Key Differences at a Glance
- Playwright MCP: Best when you want structured browser control, predictable behavior, and a strong local default.
- Browserbase MCP: Best when you want hosted browser infrastructure, natural-language actions, and easier cloud scaling.
- mcp-chrome: Best when the agent needs access to your existing Chrome tabs, logins, and local browser state.
- Browser Use MCP: Best when persistence, saved profiles, and long-running browser tasks matter more than minimal setup.
- Chrome DevTools MCP: Best when you care more about debugging, performance audits, and browser internals than general automation convenience.
How These Tools Differ in Practice
The real choice is not which MCP server can click buttons. It is where the browser runs, how much session state you need to keep, and how much debugging depth your workflow requires.
- Playwright MCP is the most flexible local option. It is the best fit when you want Playwright-style control, predictable snapshots, and the ability to choose how the browser is launched.
- Browserbase MCP is the clearest hosted option. It makes the most sense when you want managed browser infrastructure, built-in session handling, and less local operational work.
- mcp-chrome is the strongest option for working inside an already logged-in Chrome profile.

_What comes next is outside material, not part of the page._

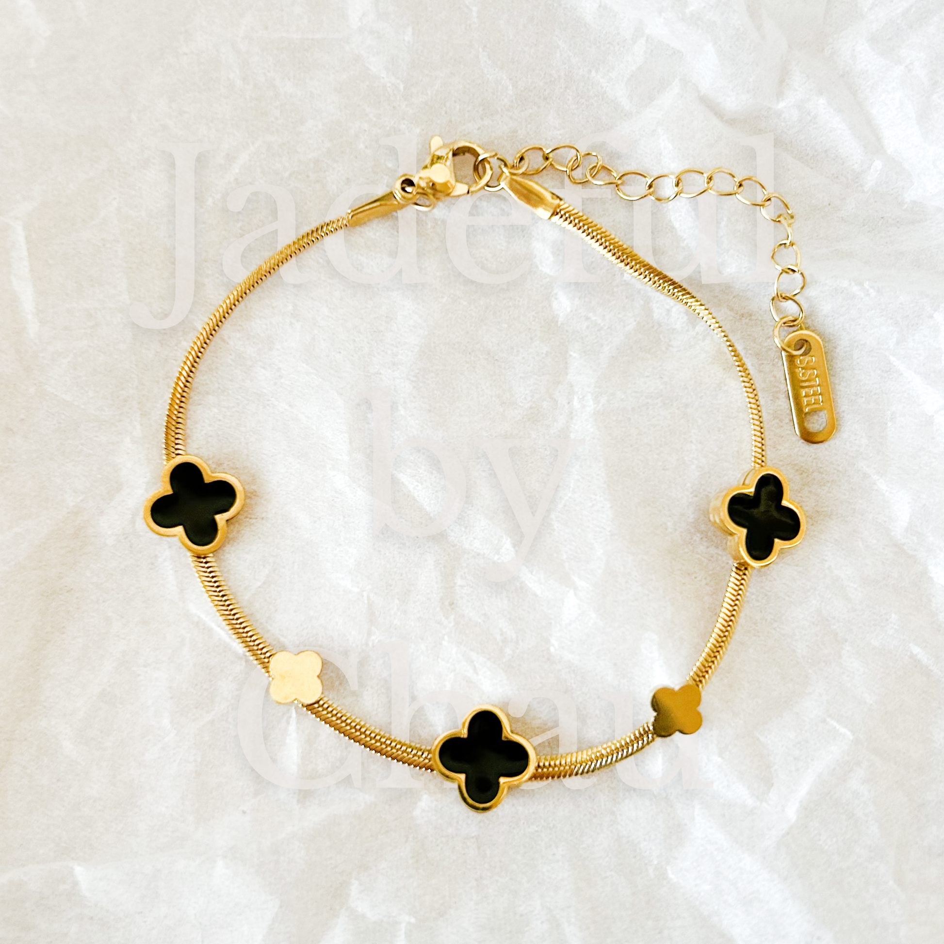 Das MILANO Armband in Gold kombiniert klare Linien mit charmanten Akzenten. Drei tiefschwarze Elemente bilden den eleganten Kontrast zu zwei goldenen Kleeblatt-Details – stilvoll angeordnet entlang der feinen Armkette. Die harmonische Farb- und Formkombination verleiht dem Design eine moderne Leichtigkeit mit einem Hauch von Glückssymbolik. Gefertigt aus robustem Edelstahl mit 18k Vergoldung ist das Armband wasserfest, rostfrei und der perfekte Begleiter – ob im Alltag oder zu besonderen Anlässen.
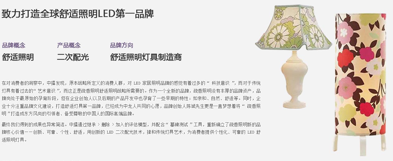本案,從中龍科技的品牌戰(zhàn)略入手,在對其品牌架構(gòu)梳理的基礎(chǔ)上,重點(diǎn)著力打造中龍科技旗下家居照明品牌——疏香照明。

Its biggest advantage is access to your real tabs, cookies, and browser state rather than a fresh automation session.
- Browser Use MCP sits between direct browser control and a hosted agent workflow. It is a better fit when persistence and longer-running tasks matter more than minimal setup.

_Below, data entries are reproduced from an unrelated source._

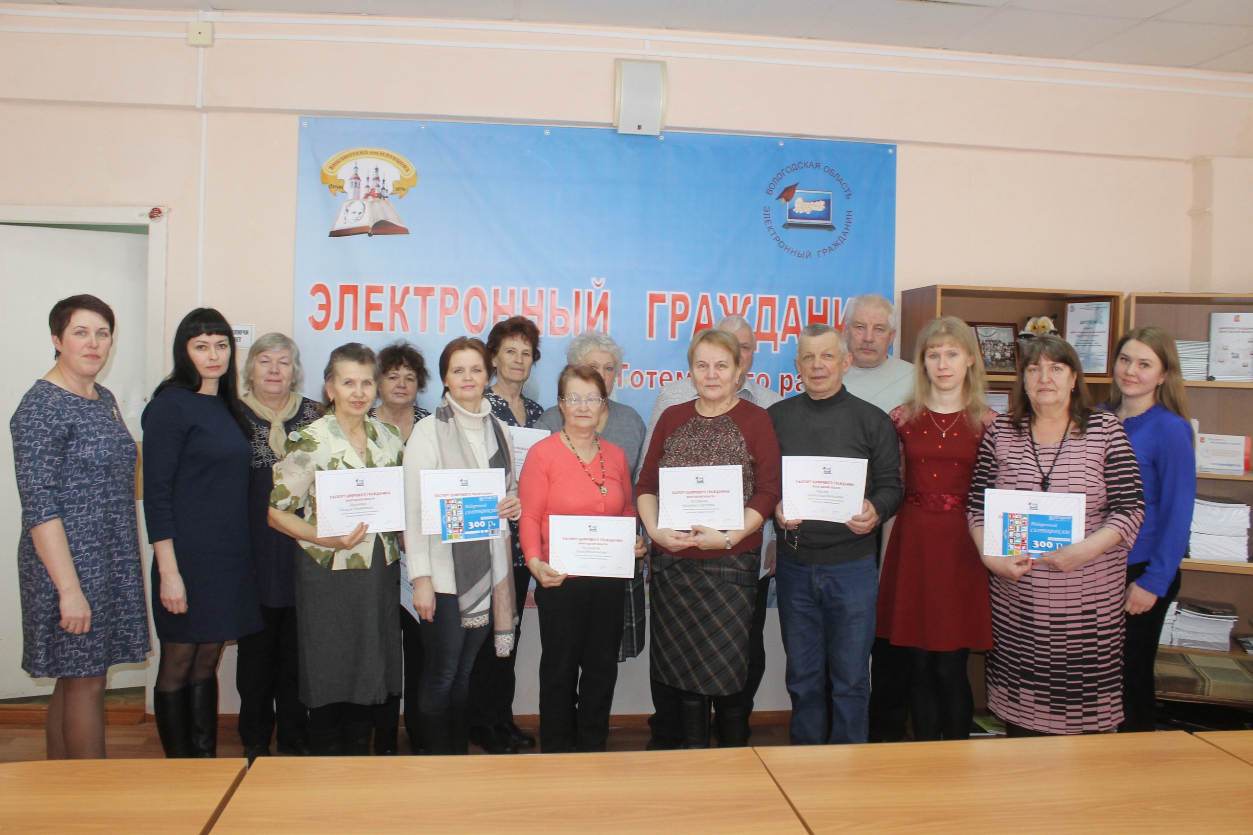 Нынче представители нашего района стали победителями в двух областных конкурсах. Елена Лазарева, заведующая Погореловским филиалом Тотемской ЦБС, признана победителем конкурса тьюторов по результатам второго семестра 2018-2019 гг. реализации регионального проекта «Электронный гражданин». Анастасия Трофимова и Зинаида Коротина стали участницами областного конкурса «Идём в цифру!». Кроме того, они представили работу слушателей курса. По его итогам команда тотьмичей победила как самый творческий центр общественного доступа и признана призёром в номинациях «Группа в социальных сетях» и «Онлайн-песня».
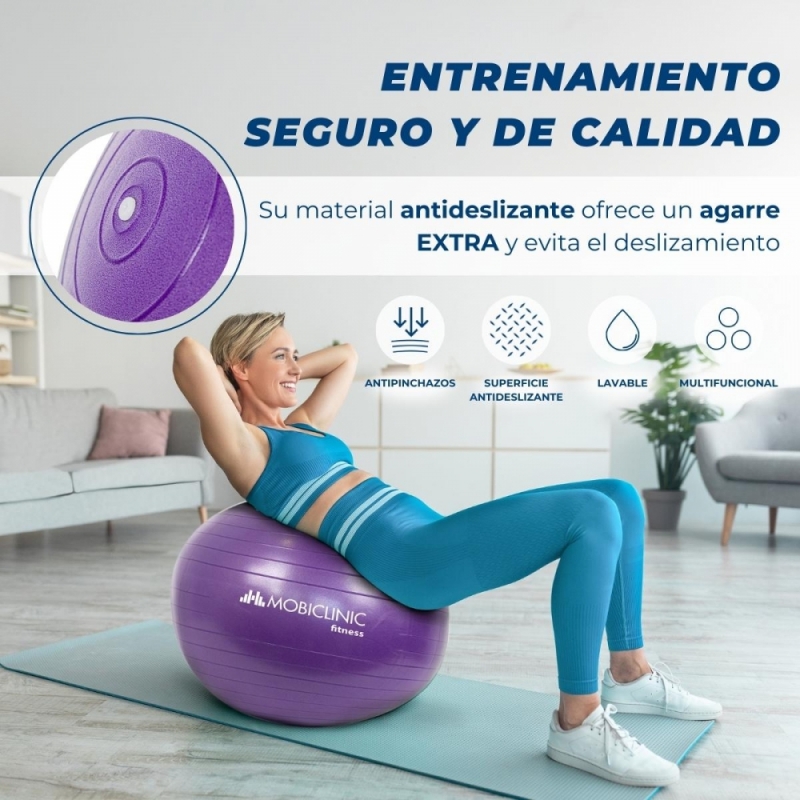 Esta pelota de pilates es antideslizante, pues su superficie cuenta con unas líneas horizontales que garantizan un agarre seguro que evita que el usuario se resbale, dándole la oportunidad de realizar cualquier tipo de ejercicio de equilibrio.
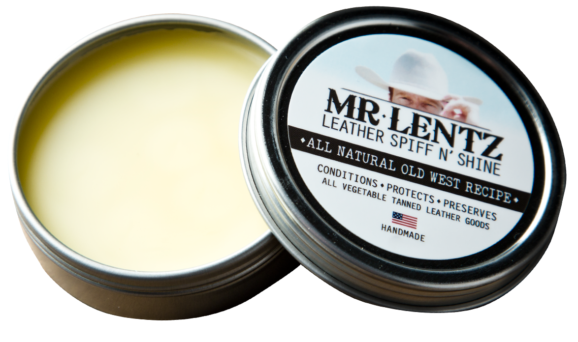To keep your goods in top quality, this container of my own handmade all-natural leather condition (Spiff N’ Shine) comes free with every leather item.

- Chrome DevTools MCP is the specialist choice for debugging. It is less about broad automation coverage and more about inspecting performance, console output, network activity, and browser internals.

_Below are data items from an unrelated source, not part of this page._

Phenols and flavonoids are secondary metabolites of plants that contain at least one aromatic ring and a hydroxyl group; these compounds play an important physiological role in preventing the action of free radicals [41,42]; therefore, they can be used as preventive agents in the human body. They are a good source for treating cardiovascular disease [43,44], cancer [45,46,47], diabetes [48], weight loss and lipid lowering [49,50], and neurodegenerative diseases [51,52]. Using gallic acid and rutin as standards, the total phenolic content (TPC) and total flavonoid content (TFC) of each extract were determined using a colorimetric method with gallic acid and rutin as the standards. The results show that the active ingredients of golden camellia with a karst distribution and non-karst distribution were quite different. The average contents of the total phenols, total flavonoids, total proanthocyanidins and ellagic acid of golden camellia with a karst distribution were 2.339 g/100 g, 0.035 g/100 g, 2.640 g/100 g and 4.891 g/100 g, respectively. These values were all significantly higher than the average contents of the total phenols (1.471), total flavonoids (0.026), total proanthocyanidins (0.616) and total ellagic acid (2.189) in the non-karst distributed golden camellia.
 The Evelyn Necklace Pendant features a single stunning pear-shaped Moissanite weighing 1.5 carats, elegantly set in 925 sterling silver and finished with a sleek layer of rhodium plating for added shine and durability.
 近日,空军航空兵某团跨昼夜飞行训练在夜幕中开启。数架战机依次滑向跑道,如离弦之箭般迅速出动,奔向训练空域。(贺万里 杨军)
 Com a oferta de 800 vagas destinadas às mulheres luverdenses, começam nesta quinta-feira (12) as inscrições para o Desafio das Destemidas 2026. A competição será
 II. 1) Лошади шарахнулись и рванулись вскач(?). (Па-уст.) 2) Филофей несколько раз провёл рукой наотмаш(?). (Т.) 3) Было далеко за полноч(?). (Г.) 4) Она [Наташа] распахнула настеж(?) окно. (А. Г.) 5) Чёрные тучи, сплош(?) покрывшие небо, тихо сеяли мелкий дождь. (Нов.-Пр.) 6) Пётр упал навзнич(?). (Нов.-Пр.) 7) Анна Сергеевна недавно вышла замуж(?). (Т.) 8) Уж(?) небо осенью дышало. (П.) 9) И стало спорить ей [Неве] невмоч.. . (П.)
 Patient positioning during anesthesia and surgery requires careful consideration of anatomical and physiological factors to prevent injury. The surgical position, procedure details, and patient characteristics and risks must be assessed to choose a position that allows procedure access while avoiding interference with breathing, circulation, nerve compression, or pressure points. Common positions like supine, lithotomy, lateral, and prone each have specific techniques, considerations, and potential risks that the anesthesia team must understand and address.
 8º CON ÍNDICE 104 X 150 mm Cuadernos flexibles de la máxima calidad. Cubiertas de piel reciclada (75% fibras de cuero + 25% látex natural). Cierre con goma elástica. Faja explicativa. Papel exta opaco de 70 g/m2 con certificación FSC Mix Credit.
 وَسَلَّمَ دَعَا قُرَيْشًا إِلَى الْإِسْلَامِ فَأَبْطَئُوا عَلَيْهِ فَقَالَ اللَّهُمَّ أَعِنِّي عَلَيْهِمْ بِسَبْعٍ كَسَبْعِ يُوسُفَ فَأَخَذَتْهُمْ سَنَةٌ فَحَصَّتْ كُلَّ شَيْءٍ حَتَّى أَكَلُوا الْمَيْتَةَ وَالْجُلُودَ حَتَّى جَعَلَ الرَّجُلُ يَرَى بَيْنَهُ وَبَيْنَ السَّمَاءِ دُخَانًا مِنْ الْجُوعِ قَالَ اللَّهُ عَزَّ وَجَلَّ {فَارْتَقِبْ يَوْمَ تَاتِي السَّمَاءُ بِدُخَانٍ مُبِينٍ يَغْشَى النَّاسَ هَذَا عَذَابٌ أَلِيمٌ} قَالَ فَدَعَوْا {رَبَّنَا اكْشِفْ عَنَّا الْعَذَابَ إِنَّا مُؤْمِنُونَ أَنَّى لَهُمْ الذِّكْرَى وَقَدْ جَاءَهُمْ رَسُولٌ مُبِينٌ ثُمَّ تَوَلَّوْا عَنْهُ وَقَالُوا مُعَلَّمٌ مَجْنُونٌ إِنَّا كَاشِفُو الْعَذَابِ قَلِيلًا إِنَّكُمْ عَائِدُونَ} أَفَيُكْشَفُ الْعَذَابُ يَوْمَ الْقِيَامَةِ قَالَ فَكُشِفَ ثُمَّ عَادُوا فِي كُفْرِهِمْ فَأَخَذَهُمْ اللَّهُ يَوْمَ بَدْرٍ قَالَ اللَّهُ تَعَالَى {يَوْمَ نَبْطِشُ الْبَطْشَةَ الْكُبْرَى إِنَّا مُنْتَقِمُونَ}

Selecting the Best Server for Your Needs
Selecting the right server depends less on raw feature count and more on what kind of browser work your agent needs to do. If you are comparing MCP servers against broader browser-agent approaches, read our breakdown of agent browsers vs Puppeteer and Playwright.
- For Highly Scalable Cloud Operations: Browserbase is the cleaner pick for hosted browser execution, while Browser Use is stronger when those cloud tasks need persistent profiles and session reuse.
- For Local Privacy and Login Reuse: The mcp-chrome server allows the agent to work within your existing browser session.
- For Technical Debugging and Audits: Chrome DevTools MCP gives the agent the data needed to analyze page performance.
- For General Development and Testing: Playwright MCP remains a reliable standard for developers who want full control over the browser engine.
Transport also matters. Stdio is simple and common for local tools, while streamable HTTP is a better fit for persistent or remote setups. Regardless of which server you choose, review its security settings, keep both host and server updated, and treat navigation restrictions like origin allowlists as operational guardrails rather than a complete security boundary.
Conclusion
Browser automation over MCP is now practical enough that the hard part is not finding a tool that works. It is choosing the one that matches the way your agent actually needs to work.
If you want the safest default, start with Playwright MCP. If you want managed cloud browsers, choose Browserbase. If you need access to your real logged-in Chrome session, choose mcp-chrome. If persistence and longer-running workflows matter most, choose Browser Use. If your main goal is debugging, audits, and browser inspection, choose Chrome DevTools MCP.
That is the real shortcut: pick based on workflow, not feature count. The best MCP server is the one that matches where your browser runs, how much state you need to keep, and how much control or visibility you need day to day.